Again, since my mind has been in the gutter, I figure why not make this easy on myself and just stick to these lame little face book things and see what you can make of it. So here goes another one yet again in the middle of the night due to my lack of sleep and horrible sleeping patterns and the curses of the internet
Well, first off, why does face- book have a knack to bring up past first? I suppose that is how it works, anyways. So ex, hmm there really isn’t anything to say, When you write there is emotions and such feelings in which people put in. I don’t, I don’t see how people can write something without emotions, but really I don’t feel anything, I am not sure if this goes to last ex, or just the past in general, but as I always say to myself, the past is the past, and what is meant to be then it is what it is, it stays behind you, and you leave it behind. So with that, I wish you all the best in life. Cheers.
Dear girl I hate,
There isn’t really a girl I hate. I am pretty neutral, sure there are girls I will be judgmental on and have my reasons to be friendly, but that is just me being a girl. If I was to “hate” a girl it is because there is something they have that I don’t. I dislike girls for different reasons, but I think a big part is just jealousy.
Dear boy I like,
It isn’t much of a secret that I like you, no I don’t like you, I love you, a lot actually and care for you more than you might think. I am sure you know that already though. You have been so wonderful and I really am lucky to have a guy like you in my life, and I know “oh how cliche”. Although sometimes the truth can be at times. Thanks for being there for me even for the littlest dramas I have had with the ups and downs and putting up with all the crazy shit that I have given you. You aren’t just some guy that I fell in love with or had a thing in high school with, this wasn’t just some puppy love phase as many would call it, but I gained a truly remarkable great friend with a special bond I have to cherish. And I know I can be so frustrating at times which questions why you put up with me, but trust me, even I question myself on that sometimes. It just works I suppose, and I am so glad that it does.
Dear ex best friend,
Well, we were destined to not work out ever since middle school had finished, we were drifting but that is okay I had already accepted that. I am just ashamed it had to be that way. This is more of an apology, I am sorry for the damage that I did to you, no one deserves that, but in all honesty I did you more of a favor than anything trust me, kid wasn’t worth your time. I am just sorry that it was because of a stupid act we no longer even say hi or anything. So, I am sorry for the harm I had put upon you. I know you have no interest, and well neither do I, but I promised myself that someday I will apologize to you properly.
Dear best friend(s),
I am to lazy to write you all, just read my past post “Best Friends” yes, that will sum it up for you. You guys are great hehe love you!

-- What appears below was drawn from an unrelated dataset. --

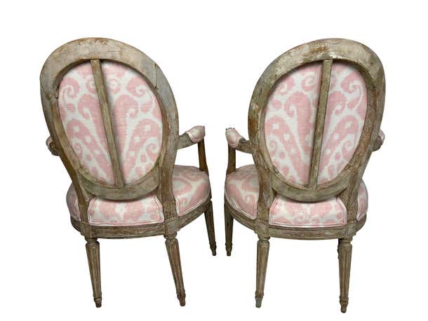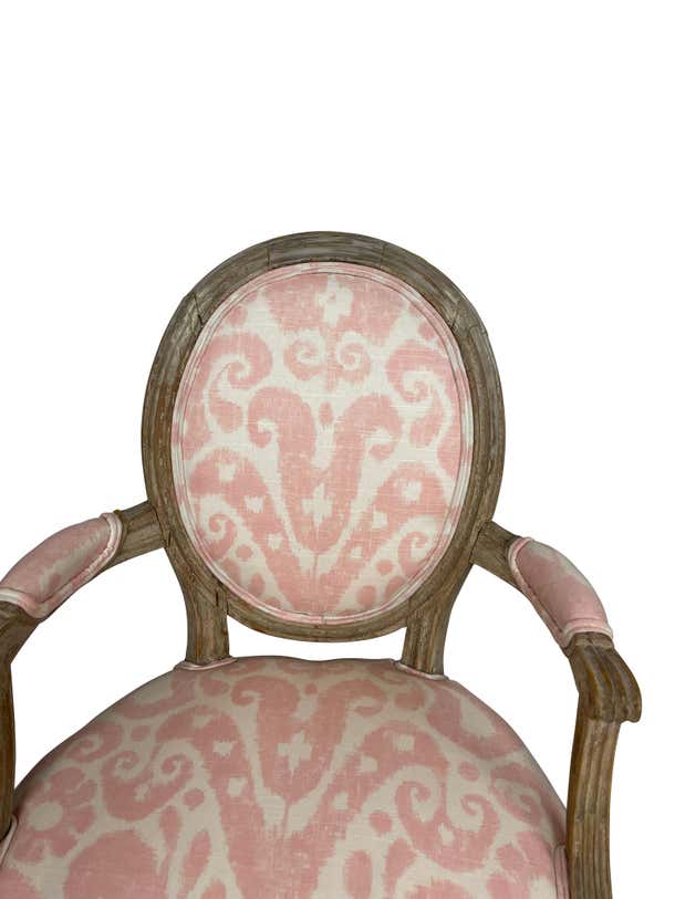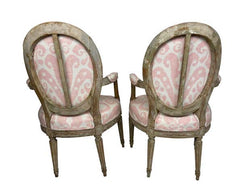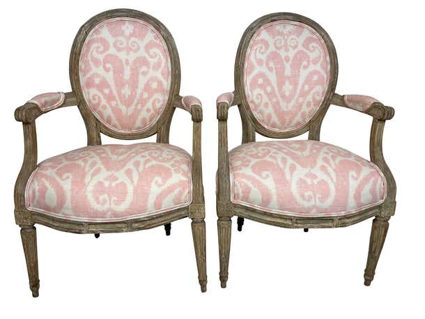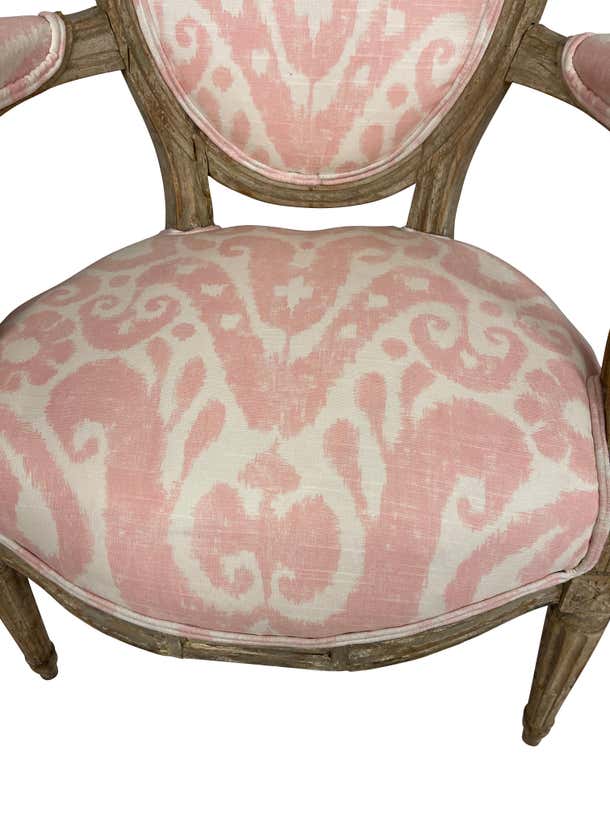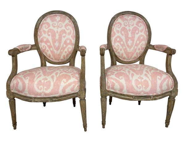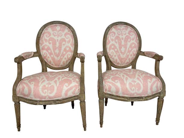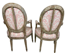 Pair of Grey painted and carved Louis XVI style small armchairs. Perfect for a little girls' room or bedroom. Newly professionally upholstered in pink Ikat fabric.

Oh mom, we have our ups and downs as always and at each other throats. I suppose that is what happens when you put fire with fire. We both have to much similar personas that they clash. Honestly though I don’t know where would I be if I didn’t have you. With your empowering speeches and your “WE ARE WOMEN” stance. I think I would be so lost, you always happen to give me great advice. And I always enjoy secretly our fights when you throw things at me, it’s like a game of doge ball. And I know we aren’t very loving with each other but we know in our own ways how we feel. I don’t think I will ever forget the time I read you that poem and you cried. Mom, I love you.
What is there to say about you? I am so lucky to have you as my father, and over the years you have helped me through the worst and never given up. Your patience for your daughters is incredible and you have never failed to cheer me up even when I am just in the worst spot. There probably is a whole story I could write about you, but I won’t. You have honestly taught me so much, and I admire the courage and risks you have taken to get where you are today. You always tell me to stay strong and work hard and to be who I want to be in life, even if others don’t approve of it. I have always admire the man you have become, because you could have ended up like the rest of your brothers or father, but you didn’t, you were different. Dad, I love you and thank you.
Dear Future Self.
Well, I hope you keep living the life that you have planned in your mind. That life treats you as well as you hope. I think it will, if you keep that mindset that it will be great it will be. Like my new quote “Believe that you have it, and you have it” So hope you have everything you wanted. I know it seems so irrational to say that, if you have that morbid mentality. I think you will do just great though, you will be alright. And remember, as you’re present boyfriend always said to you “You will make people happy no matter where you go”, that has always stuck out to me, so hopefully it will be like a little light of hope for your future.